The Football Association of Singapore (FAS) is the governing body responsible for the administration of football in Singapore. Established in 1892 as the Singapore Football Association (SFA), it is the oldest football association in all of Asia. The FAS is also one of the founding members of both the Asian Football Confederation (AFC) and the ASEAN Football Federation (AFF). It has been affiliated with FIFA since 1952.

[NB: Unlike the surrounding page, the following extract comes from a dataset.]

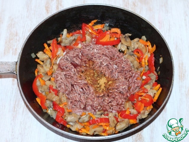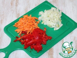 3. Обжариваем на растительном масле репчатый лук до прозрачности. Добавляем морковь, болгарский перец и грибы, перемешиваем. Тушим до готовности.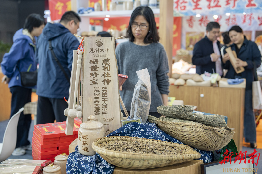 杜仲,原本是一款普通的中药,用它做出来的产品却摆满整个慈利展馆。杜仲面条、杜仲家具、杜仲茶叶、杜仲牙膏、杜仲咖啡……杜仲全身是宝,根茎叶花都可以被开发利用。

The FAS oversees the organisation and development of football and advancing the game at all levels in Singapore, and is responsible for all aspects of the amateur and professional game in its territory. This includes its flagship domestic league, the Singapore Premier League (SPL), as well as the men's, women's and youth national football teams. The FAS is headquartered at the Jalan Besar Stadium, located at Kallang.

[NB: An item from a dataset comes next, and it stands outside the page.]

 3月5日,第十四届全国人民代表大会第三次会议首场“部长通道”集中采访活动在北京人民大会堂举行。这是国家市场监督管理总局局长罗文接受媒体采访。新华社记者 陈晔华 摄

The FAS also manages the organisation and running of league and cup competitions, the stewardship of international teams, the establishment of youth development, women's football, refereeing and coaching frameworks.

History
The association was also previously known as the Singapore Amateur Football Association (abbreviation: SAFA) on 14 May 1929 before adopting its current name on 13 January 1966.

Singapore national team

The Singapore national football team, administered by FAS, is one of the most successful sides in ASEAN Football Championship history, winning the regional international tournament four times in 1998, 2004/5, 2007 and 2012. Despite the country having a relatively small population pool, it has generally punched above its weight by successively producing squads that has fiercely competed with its larger and much more populated neighbours.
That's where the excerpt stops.